The President of the newly created Vatican department, Msgr. Rino Fisichella, has just published a book (La nuova evangelizzazione, Milano: Mondadori, 2011) where he spells out the significance of the New Evangelization and offers an interesting perspective on the direction that this initiative is going to take. Fisichella was professor of Fundamental Theology (i.e. the RC way of defining a discipline between Apologetics and Systematic Theology) for many years and then Rector of the Lateran Pontifical University, one of the major and most prestigious academic institutions in Rome. After spending much of his life reflecting on the often turbulent relationship between faith and the modern world, Benedict XVI called him to lead the Vatican efforts towards mobilizing the RC Church towards the New Evangelization. From the chair to the square, so to speak.

1. What the New Evangelization is About

Fisichella makes clear that the New Evangelization applies to those countries where the RC Church was established in ancient times and where the first proclamation of the Gospel resounded many centuries ago. He acknowledges the fact that the word “evangelization” and the vocabulary around it has been treated with suspicion in RC circles due to its “protestant” usage and overtones. Mission and catechesis were more traditional and preferred terms for a long time. It is only after Vatican II that the language of evangelization began to be used.

The expression “New Evangelization” was coined by John Paul II in 1979 and subsequently achieved a technical theological meaning. Its specificity has to do with its recipients, i.e. the masses that have been baptized in the RC Church but have “lost a living sense of their faith”. The goal of the New Evangelization is to call them back to the mother church.

2. Why the New Evangelization is Needed

Fisichella embarks on the attempt of analyzing what has caused such a transition to practical unbelief. The root of the Western crisis is the transformation of the process of secularization in a strong movement towards secularism. The former is a sociological process which reflects pluralism, the latter is a new dogmatic religion which is anti-Christian. This new stance forgets the rich “synthesis between Greek-Roman thought and Christianity” and replaces it with an ideology of religious indifference and relativism. In a telling comment, Fisichella argues that “the pathology that afflicts the world today is cultural” and is to be entirely attributed to secularism.

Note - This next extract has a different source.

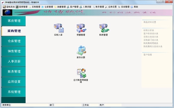 特博星级酒店信息管理系统官方版是款设计相当严谨且非常实用的酒店信息客房管理工具,特博星级酒店信息管理系统官方版拥有丰富的功能,简洁的操作界面,其可以帮助用户实现整个业务流程的信息化管理,为酒店领导提供实时的客房出租及预定状况、客人信息、营业情况、收款等全局信息,是一款非常高效专业的软件。

This is a standard reading of Western cultural trends from a traditional point of view. What is striking in Fisichella’s otherwise nuanced reconstruction is the lack of self-criticism as far as the RC Church is concerned. It seems that the charge of the present-day crisis lies in secularism only, whereas churches seem to bear no responsibility. Even when he deplores the profound ignorance that most people show as far as the tenets of the Christian faith is concerned, he skips over the rather obvious point about who is to blame (at least partially but truly) for it. Are we sure that European churches do not bear any responsibility in today’s spiritual and cultural crisis, especially when they claim to have 70%, 80%, 90% of baptized in most countries? Isn’t there something wrong in their theology of Christian initiation? Isn’t there a problem in their catechetical impact? Isn’t there something awkward in their witness to the Gospel? In the end, are churches blameless in the Western spiritual turmoil? For Fisichella, the issue is not even mentioned.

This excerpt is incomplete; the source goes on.